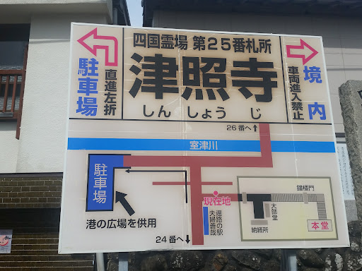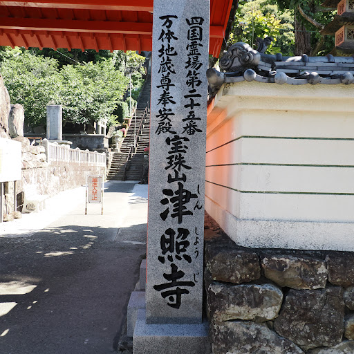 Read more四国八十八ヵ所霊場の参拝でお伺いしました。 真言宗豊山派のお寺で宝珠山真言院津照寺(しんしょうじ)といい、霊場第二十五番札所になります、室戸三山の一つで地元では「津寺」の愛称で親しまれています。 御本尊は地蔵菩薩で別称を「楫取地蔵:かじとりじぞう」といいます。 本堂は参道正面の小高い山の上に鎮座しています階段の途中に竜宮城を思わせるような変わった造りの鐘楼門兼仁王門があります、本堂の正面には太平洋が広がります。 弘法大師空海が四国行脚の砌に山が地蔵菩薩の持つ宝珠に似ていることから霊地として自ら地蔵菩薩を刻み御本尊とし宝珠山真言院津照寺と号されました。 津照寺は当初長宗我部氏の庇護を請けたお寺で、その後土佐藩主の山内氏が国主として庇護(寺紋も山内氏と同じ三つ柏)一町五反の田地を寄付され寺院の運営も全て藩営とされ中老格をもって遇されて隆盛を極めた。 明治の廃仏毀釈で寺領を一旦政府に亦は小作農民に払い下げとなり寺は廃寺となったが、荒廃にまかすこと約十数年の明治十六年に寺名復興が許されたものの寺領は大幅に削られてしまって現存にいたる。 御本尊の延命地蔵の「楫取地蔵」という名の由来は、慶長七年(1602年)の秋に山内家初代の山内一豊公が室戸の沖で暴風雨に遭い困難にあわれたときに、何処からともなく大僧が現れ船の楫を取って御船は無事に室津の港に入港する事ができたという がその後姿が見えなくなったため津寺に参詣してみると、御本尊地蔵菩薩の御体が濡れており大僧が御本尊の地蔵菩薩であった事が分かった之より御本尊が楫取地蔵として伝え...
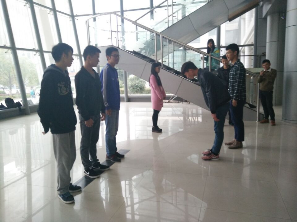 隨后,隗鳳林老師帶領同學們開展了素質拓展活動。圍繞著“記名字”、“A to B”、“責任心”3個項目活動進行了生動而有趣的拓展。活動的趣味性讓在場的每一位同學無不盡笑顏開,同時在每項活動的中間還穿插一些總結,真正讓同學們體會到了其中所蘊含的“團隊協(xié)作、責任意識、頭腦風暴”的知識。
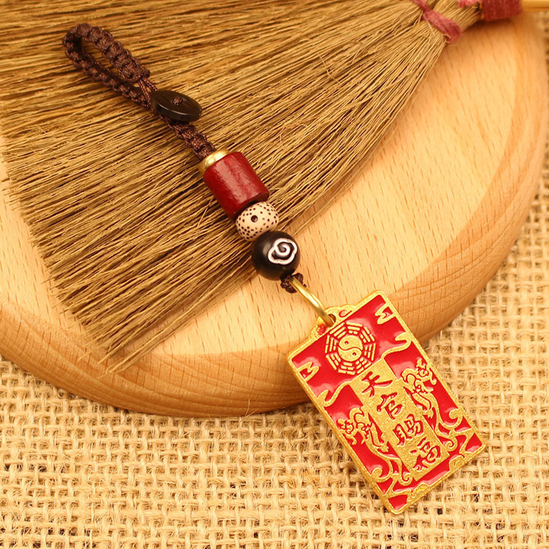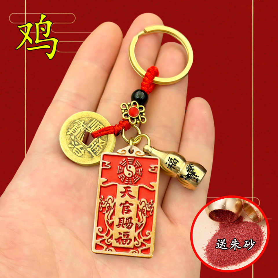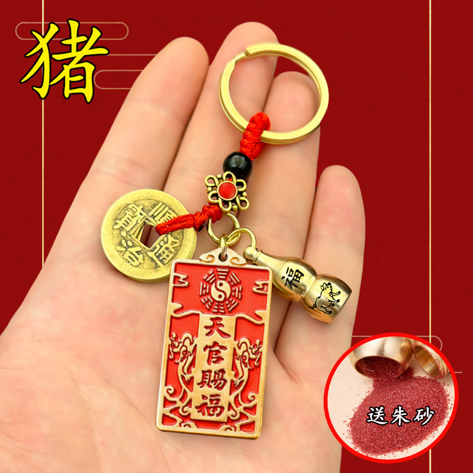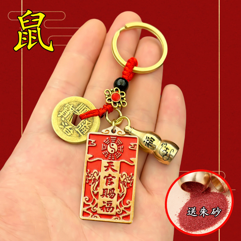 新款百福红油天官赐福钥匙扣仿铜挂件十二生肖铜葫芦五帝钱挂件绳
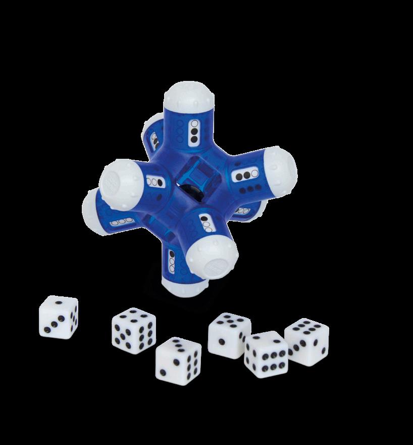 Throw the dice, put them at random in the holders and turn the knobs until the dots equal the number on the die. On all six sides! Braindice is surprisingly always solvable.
...
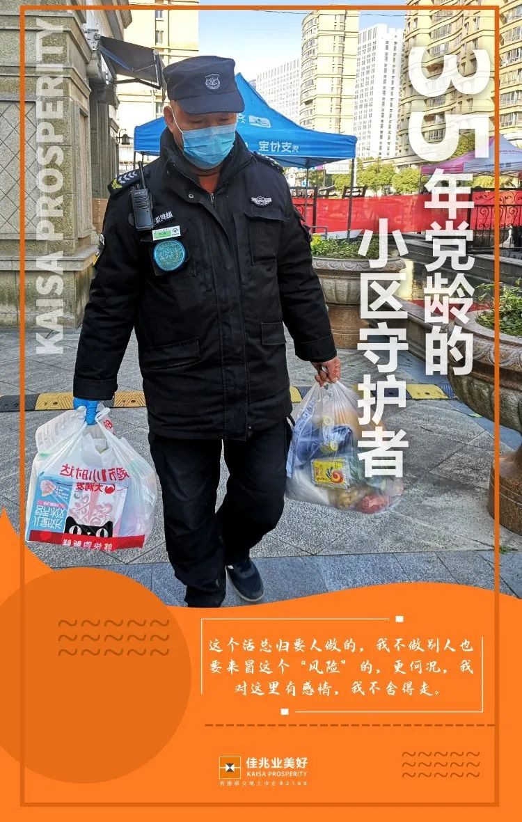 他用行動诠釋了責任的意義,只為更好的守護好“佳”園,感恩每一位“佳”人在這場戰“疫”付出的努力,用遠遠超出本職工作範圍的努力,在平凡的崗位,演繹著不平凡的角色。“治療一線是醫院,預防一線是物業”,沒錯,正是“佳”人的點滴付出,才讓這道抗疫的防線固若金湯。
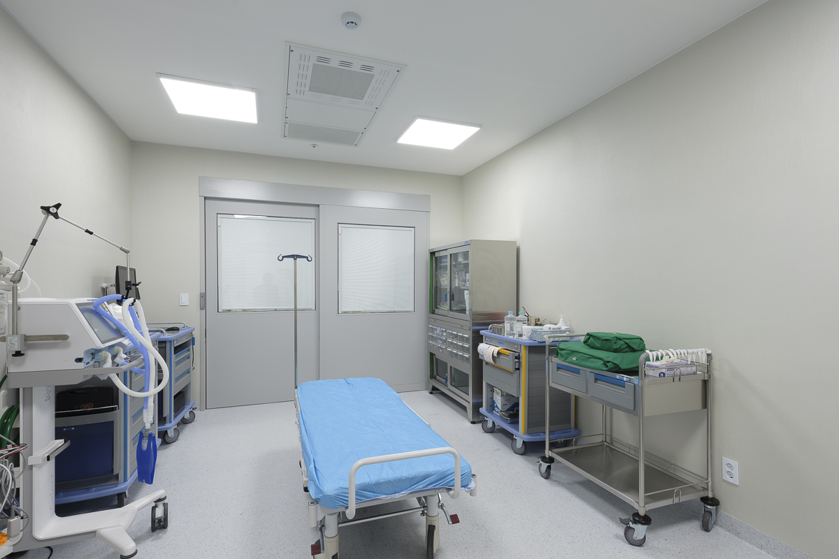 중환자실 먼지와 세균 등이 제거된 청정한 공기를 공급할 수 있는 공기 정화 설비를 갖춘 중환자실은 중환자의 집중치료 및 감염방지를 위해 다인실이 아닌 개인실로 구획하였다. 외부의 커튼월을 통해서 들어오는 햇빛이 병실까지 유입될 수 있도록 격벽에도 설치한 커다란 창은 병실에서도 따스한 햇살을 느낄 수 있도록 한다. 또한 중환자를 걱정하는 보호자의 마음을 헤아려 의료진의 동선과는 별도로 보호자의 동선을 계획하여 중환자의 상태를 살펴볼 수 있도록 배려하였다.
--
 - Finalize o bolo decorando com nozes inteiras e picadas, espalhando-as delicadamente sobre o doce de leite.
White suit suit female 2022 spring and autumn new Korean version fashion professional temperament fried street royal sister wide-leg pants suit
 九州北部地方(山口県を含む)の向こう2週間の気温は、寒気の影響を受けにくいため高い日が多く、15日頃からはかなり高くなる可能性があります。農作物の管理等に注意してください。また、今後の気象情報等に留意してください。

■ EXERCISE DETAILS
All that is wanted is the stretch of lines above from the one containing "- Finalize o" through the one containing "九州北部地方(山口県を含む)", duplicated exactly.

■ WRITTEN ANSWER
 - Finalize o bolo decorando com nozes inteiras e picadas, espalhando-as delicadamente sobre o doce de leite.
White suit suit female 2022 spring and autumn new Korean version fashion professional temperament fried street royal sister wide-leg pants suit
 九州北部地方(山口県を含む)の向こう2週間の気温は、寒気の影響を受けにくいため高い日が多く、15日頃からはかなり高くなる可能性があります。農作物の管理等に注意してください。また、今後の気象情報等に留意してください。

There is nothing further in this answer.